Search code examples
textnlpword2vec

When to use Word2vec and bag of words?


I'm still unsure about when to use word2vec and when to rely on the bag of words. For example, if I want to develop a text clustering model that takes text as an input and outputs a cluster for each input, should I care about the word representation and use word2vec or should I rely on the bag of words and treat the input text as a document? Please share any more reading and understanding resources with me; I'm very interested in text preprocessing and clustering and want to learn everything I can about it.

Furthermore, if I want to use k-Means for the clustering, should I split the data or it's okay to just work with the whole data in one?


Solution

  • There's no hard rules. Generally, for any set of techniques you consider plausibly-appropriate, & within your skills/budget, you try them all against your specific data & task, and pick the ones that go better.
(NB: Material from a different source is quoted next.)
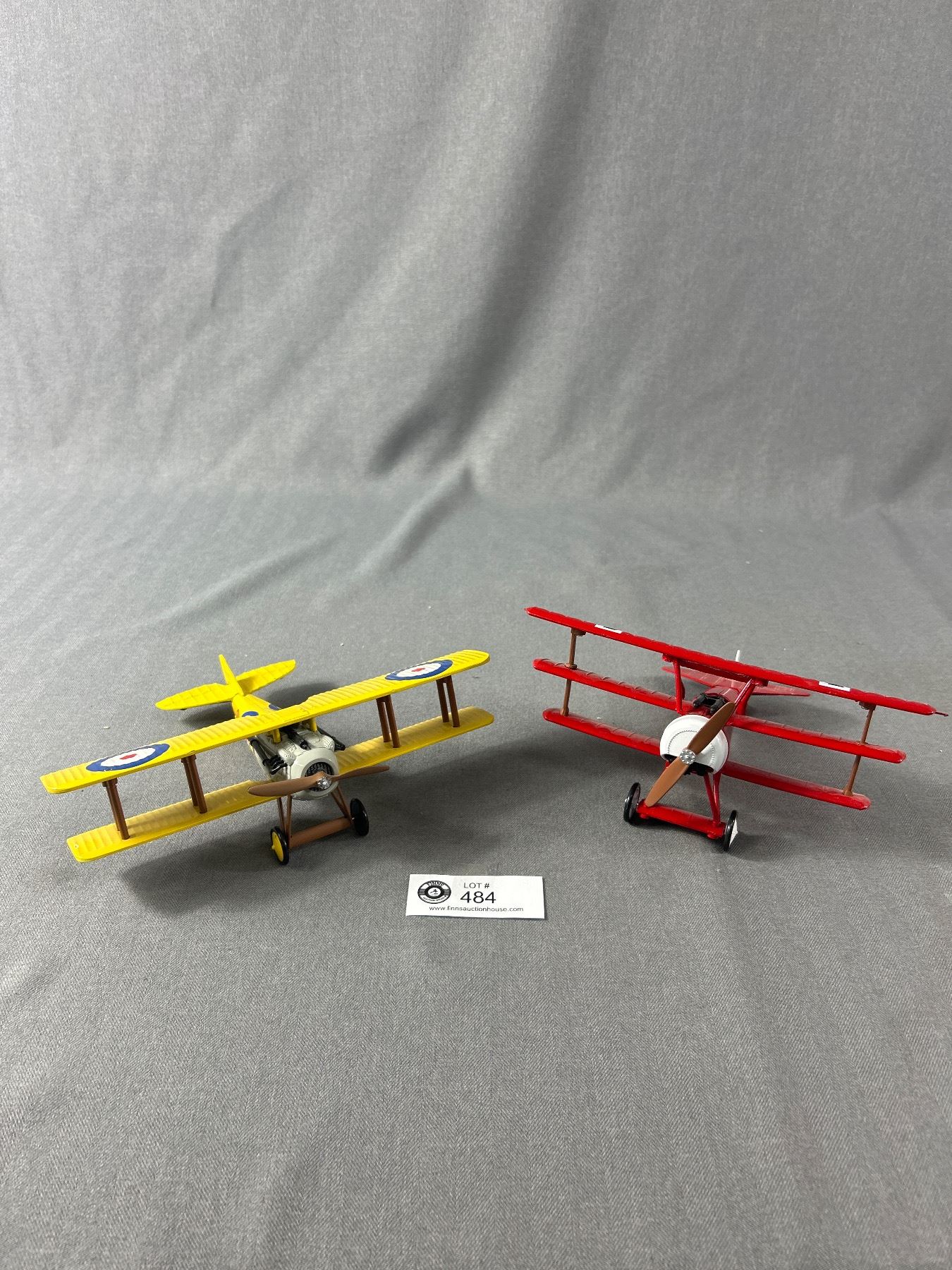 2 Vintage Toy Planes Red Baron and British byplane 1:72 scale plastic planes

    (You might develop some vague intuitions over time about situations where certain approaches are more likely to reflect the 'essential' parts of your task - but they can hadly be communicated in a StackOverflow answer over all possibilities.)

    If you've tried specific things & been surprised or disappointed by the result, that might create a more-answerable question, where you supply the specifics of your data/task, & what you've tried, & what your results are, and ask about specific unexpected behaviors, or specific aspects you'd want corrected/improved.